There’s also Osborne’s own view on what constitutes economic recovery. You see, this is our second attempt to recover from the great slump of 2008. Our first recovery – far more promising than this one – was cancelled just as it was getting going by no other than Gideon George Osborne himself.

When Osborne moved into Number 11, the economy had grown by 0.5%, 0.4% and 1.0% in the preceding three quarters. But Osborne said that was no good. He threw out Alistair Darling’s more considered strategy – a successful strategy – and reached for his austerity blunderbuss. The economy collapsed back into recession, then drifted sideways for two years. Living standards, especially for working people, plunged.

Osborne said the Darling recovery was unsustainable because government debt was too high. He said we were on the road to becoming Greece, although how a growing economy and a level of national debt on a par with Germany’s merited comparison with Greece was, and remains, beyond me. He said the economy was too reliant on a house price ‘bubble’ and households were borrowing too much. Darling’s recovery wasn’t really a recovery at all and we’d have to start all over again.

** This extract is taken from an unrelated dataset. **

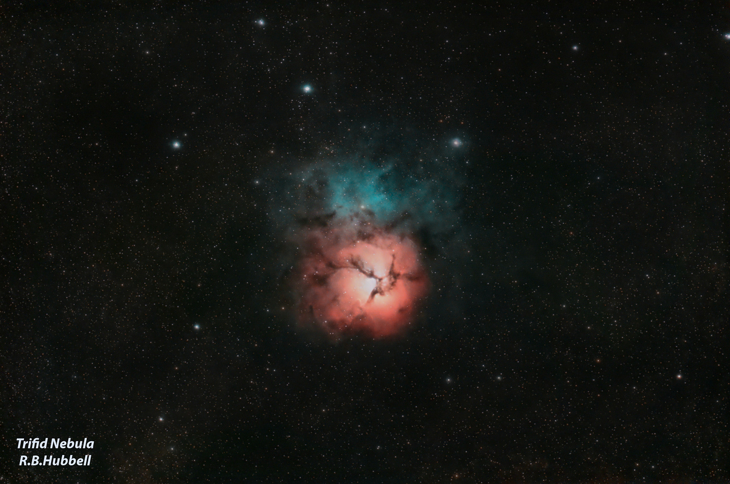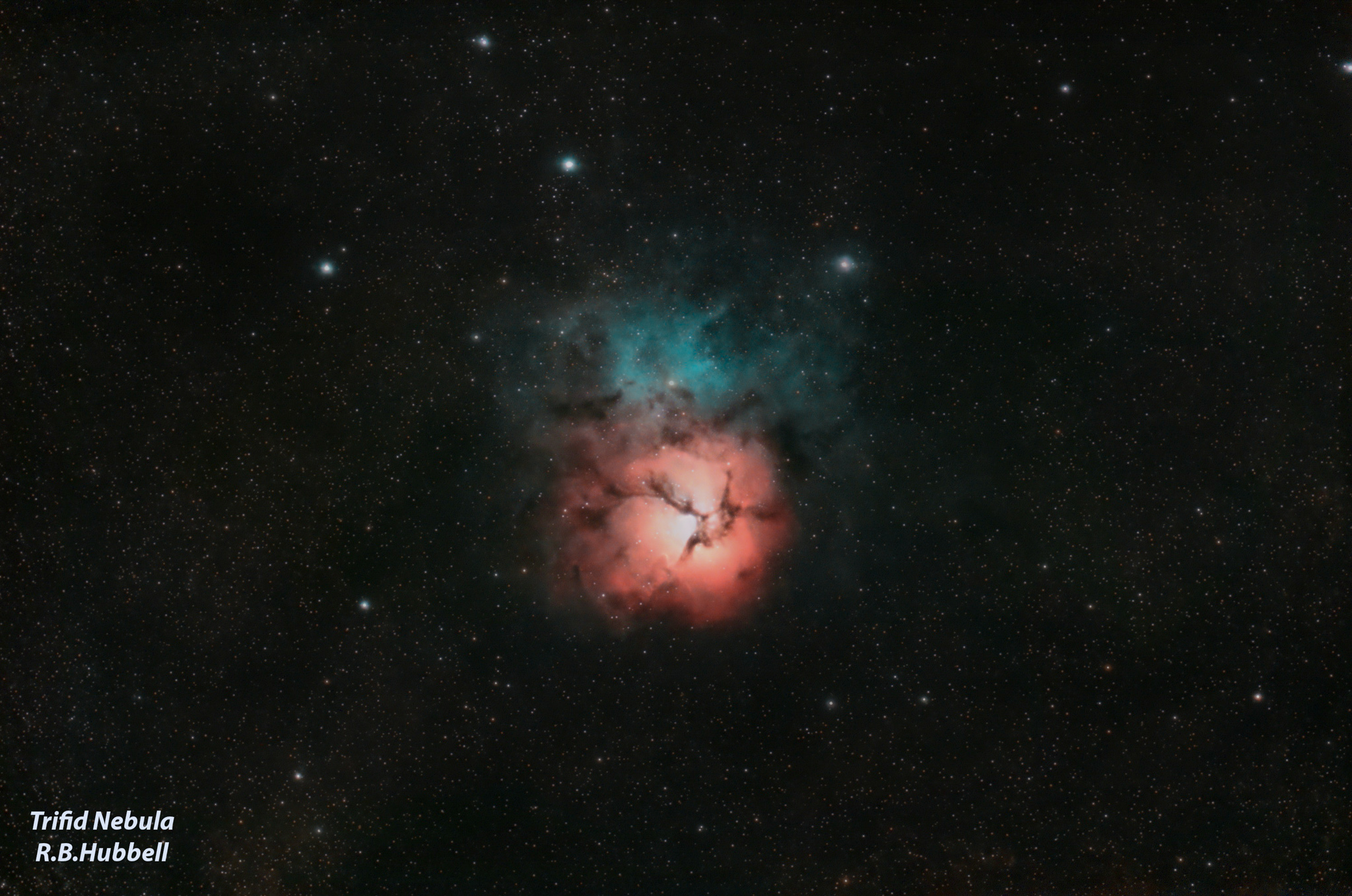 The Trifid Nebula is located 9,000 light-years from Earth. Its unusual appearance is caused by the combination of three types of nebulae—emission, reflection, and dark.

Three years later, the economy may finally be crawling out from under the rock Osborne dropped on it. But the national debt will be £533bn higher at the next election than at the last. Osborne’s recovery has barely begun and there’s already talk of a ‘house price bubble’ in many areas. And with stagnant or falling wages, rising house prices can only be accommodated by ever-higher borrowing.

If Darling’s recovery wasn’t real, then neither is Osborne’s. And it’s three years late.